Margaret Polaneczky, MD (aka TBTAM) said...

WOnderful post!

Anonymous said...

Thank you for you answer on my question about heart attack and SCD. I get it now :)

The Happy Hospitalist said...

Dr Wes, I loved it. Your own concert. What a great visualization.

Out of curiosity, who ran the code before you got there?

A hospitalist?

Cathy said...

That is some story Dr. Wes. I think it's beautiful!

DrWes said...

happy hospitalist -

It was an intensivist who "ran" it, but it was the nurses who saved her life...

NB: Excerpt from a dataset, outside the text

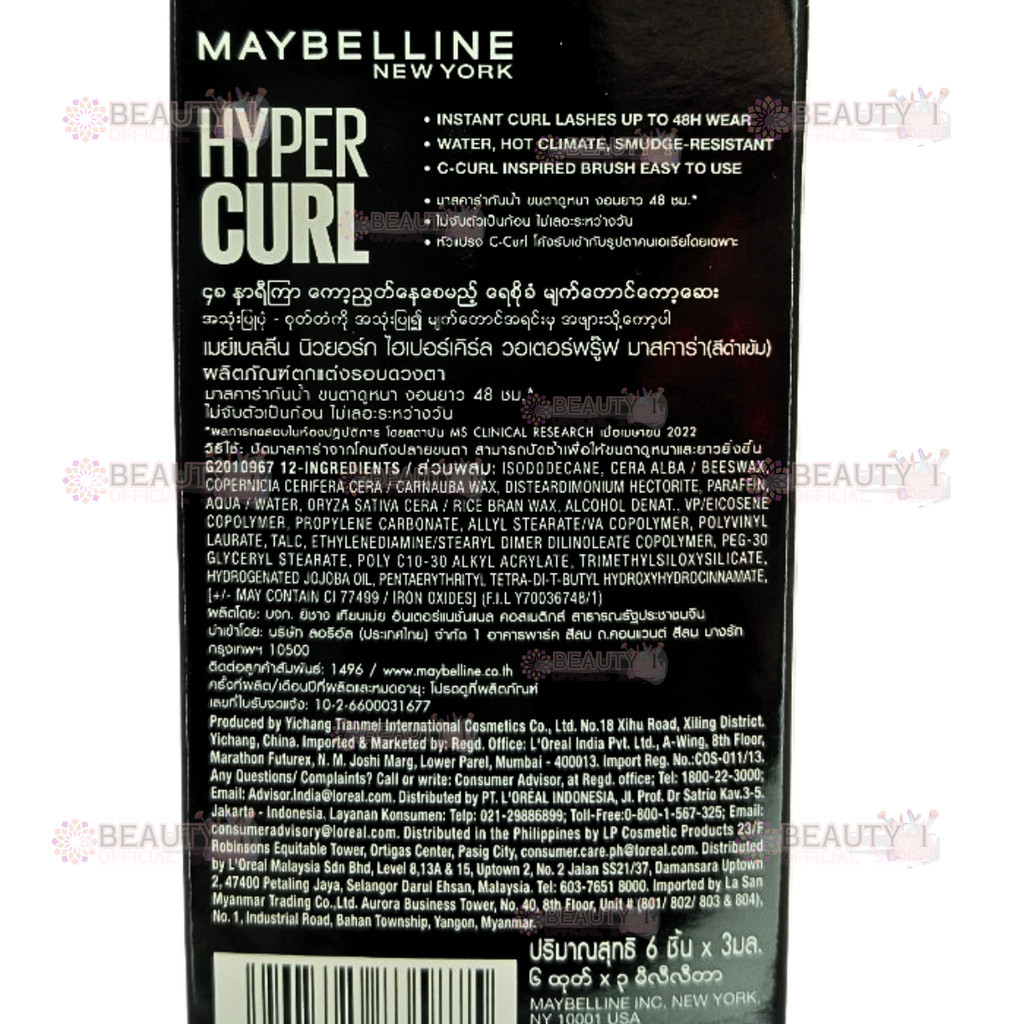 โปร 2 ชิ้น ไฮเปอร์เคิร์ล มาสคาร่า เมย์เบลลีน นิวยอร์ก Maybelline New York Hypercurl 3 ml. x2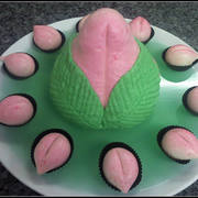 面粉、酵母、泡打粉、糖、白奶油、水、豆沙、食用红色素、食用青色素。

ah, the wonder of a little electricity....

DavidA said...

"ah, the wonder of a little electricity...." isn't that the EP motto

-David (EP/Cath Lab tech)

Richard A Schoor MD FACS said...

Very nicely written. I have but one question: does she have a foley?

Anonymous said...

As one of those nurses who prepares, organizes, and cleans up after concerts of this nature on a daily basis. I want to take a moment to thank all the team members who makes events like this possible. It truely takes an army for hospitals to function smoothly. Take a moment to think about how that wire got into capable hands... from the factory, to the shipping, to the hospital, to the shelf please take a moment this holiday season to thank those who bring us the tools of our magic. Without them there would be no concertos.